Они все могли встретиться, эти хакеры, взламывающие коды природы, они жили в одно время и не так уж далеко друг от друга. Шла Вторая мировая война. Конрада Лоренца, заведующего кафедрой в Кенигсбергском университете (той, которой когда-то заведовал Кант), мобилизовали в действующую армию как врача. Он попал в плен на Восточном фронте. Кто-то из советского начальства дал ему возможность работать в плену, писать и сохранить написанное. Валлон в это время скрывался от гестапо в Париже. Кончилась война, все вернулись к своей работе, все оказались на виду, Валлон вошел министром в правительство де Голля, почему бы им было не встретиться? Их интересовали близкие вопросы, они все принадлежали к поколению, в котором размышления о смысле жизни не казались смешными.
Наука стала другой. Ну и что, что американские ученые, обнаружив опускание гортани, оказались в тупике? Они нормально чувствуют себя в своем тупике. И если ты явишься к ним с Поршневым, они не будут потрясены. Как бы не так. В лучшем случае пожмут плечами: может быть, может быть… Точность определения возраста черепа – и та их интересует больше, потому что это наука, а Поршнев предлагает рассуждения.
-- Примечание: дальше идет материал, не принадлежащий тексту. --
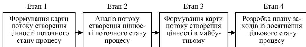
Рис. 2. Послідовність етапів застосування інструменту картування

Незважаючи на безліч порад і відточену технологію, при аналізі виробничих процесів іноді виникають труднощі з визначенням кінцевого споживача. Цей аспект сильно впливає на міру деталізації дій і цілей картування. Однак, у більшості випадків дослідники, які застосовують метод картування, дотримуються наступної послідовності етапів його реалізації (рис. 2).

Кончилась целая эпоха, длившаяся столетия или тысячелетия. Локтев, Валлон, Поршнев, Конрад Лоренц, как все психологи, биологи, математики, философы, поэты, физики, писатели и религиозные мыслители вплоть до пятидесятых, или шестидесятых, или даже семидесятых годов двадцатого века искали некий объясняющий порядок. Как Ньютон, как Коперник, искали божественный закон, чтобы цепочка причин и следствий прослеживалась до доступного конца. Локтев писал, что в любом хаосе должен содержаться некий еще неизвестный, неопределенный, может быть, даже неосуществимый, но пытающийся осуществиться порядок. Он верил в него, как простые люди верят в судьбу, гороскопы, предчувствия и амулеты. Все, что он писал, было его поиском. То, что на языке эксперта Сергея Павловича было невменяемостью, Локтев видел как вменяемость высшую: человеком управляла некая сила, у которой была своя цель, осознать эти силу и значило быть вменяемым.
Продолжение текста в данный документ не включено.